Create a unique number based on line input in Javascript

In the past, I created a function that generates a unique identifier (number) from a string. Today I find that this is not as straightforward as it should be. Never seen a problem with this. Today, two different inputs generate the same identifier (number).

I use the same technique in Delphi, C ++, PHP and Javascript to generate the same identifier, so it makes no difference when different languages ​​are involved in the project. For example, it can be convenient for communication, for HTML id, tempfiles, etc.

In general, what I am doing is calculating CRC16 rows, adding the sum and returning it.
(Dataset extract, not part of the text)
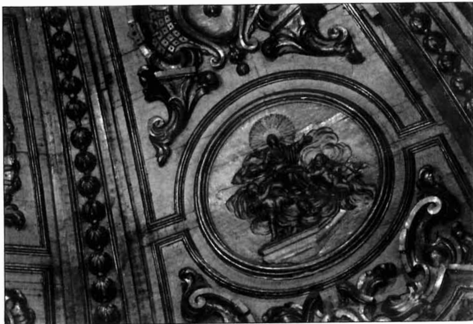
Figura 6. José de Ganga. Retablo de la capilla del Rosario de Lorca. Detalles del cascarón.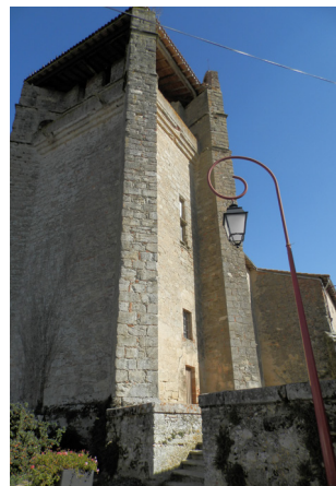
LE CLOCHER, VUE SUD-EST

For example, these two lines generate the same identifier (number):

o.uniqueId( 'M:/Mijn Muziek/Various Artists/Revs & ElBee - Tell It To My Heart.mp3' ); o.uniqueId( 'M:/Mijn Muziek/Various Artists/Dwight Yoakam - The Back Of Your Hand.Mp3'); 

Both of them generate identifier 224904.

The following example is a javascript example. My question is: how can I avoid (with a little change) that it creates a duplicate? (In case you are interested in what β€œo.” Means, This is the object these functions relate to):

 o.getCrc16 = function(s, bSumPos) { if(typeof s !== 'string' || s.length === 0) { return 0; } var crc = 0xFFFF, L = s.length, sum = 0, x = 0, j = 0; for(var i = 0; i < L; i++) { j = s.charCodeAt(i); sum += ((i + 1) * j); x = ((crc >> 8) ^ j) & 0xFF; x ^= x >> 4; crc = ((crc << 8) ^ (x << 12) ^ (x << 5) ^ x) & 0xFFFF; } return crc + ((bSumPos ? 1 : 0) * sum); } o.uniqueId = function(s, bres) { if(s == undefined || typeof s != 'string') { if(!o.___uqidc) { o.___uqidc = 0; } else { ++o.___uqidc; } var od = new Date(), i = s = od.getTime() + '' + o.___uqidc; } else { var i = o.getCrc16(s, true); } return((bres) ? 'res:' : '') + (i + (i ? s.length : 0)); }; 

How to avoid duplicates using a small code change?

+4
source share
2 answers

Well, we checked it all and came to this. A relative short unique identifier created as follows:

 o.lz = function(i,c) { if( typeof c != 'number' || c <= 0 || (typeof i != 'number' && typeof i != 'string') ) { return i; } i+=''; while( i.length < c ) { i='0'+i; } return i; } o.getHashCode = function(s) { var hash=0,c=(typeof s == 'string')?s.length:0,i=0; while(i<c) { hash = ((hash<<5)-hash)+s.charCodeAt(i++); //hash = hash & hash; // Convert to 32bit integer } return ( hash < 0 )?((hash*-1)+0xFFFFFFFF):hash; // convert to unsigned }; o.uniqueId = function( s, bres ) { if( s == undefined || typeof s != 'string' ) { if( !o.___uqidc ) { o.___uqidc=0; } else { ++o.___uqidc; } var od = new Date(), i = s = od.getTime()+''+o.___uqidc; } else { var i = o.getHashCode( s ); } return ((bres)?'res:':'')+i.toString(32)+'-'+o.lz((s.length*4).toString(16),3); }; 

Examples:

 o.uniqueId( 'M:/Mijn Muziek/Various Artists/Revs & ElBee - Tell It To My Heart.mp3' ); o.uniqueId( 'M:/Mijn Muziek/Various Artists/Dwight Yoakam - The Back Of Your Hand.Mp3'); 

Will create the following identifiers:

 dh8qi9t-114 je38ugg-120 

For my purpose, this seems quite unique, and the extra length adds even more uniqueness. Test it on a file system with approximately 40,000 mp3 files and did not detect any collision.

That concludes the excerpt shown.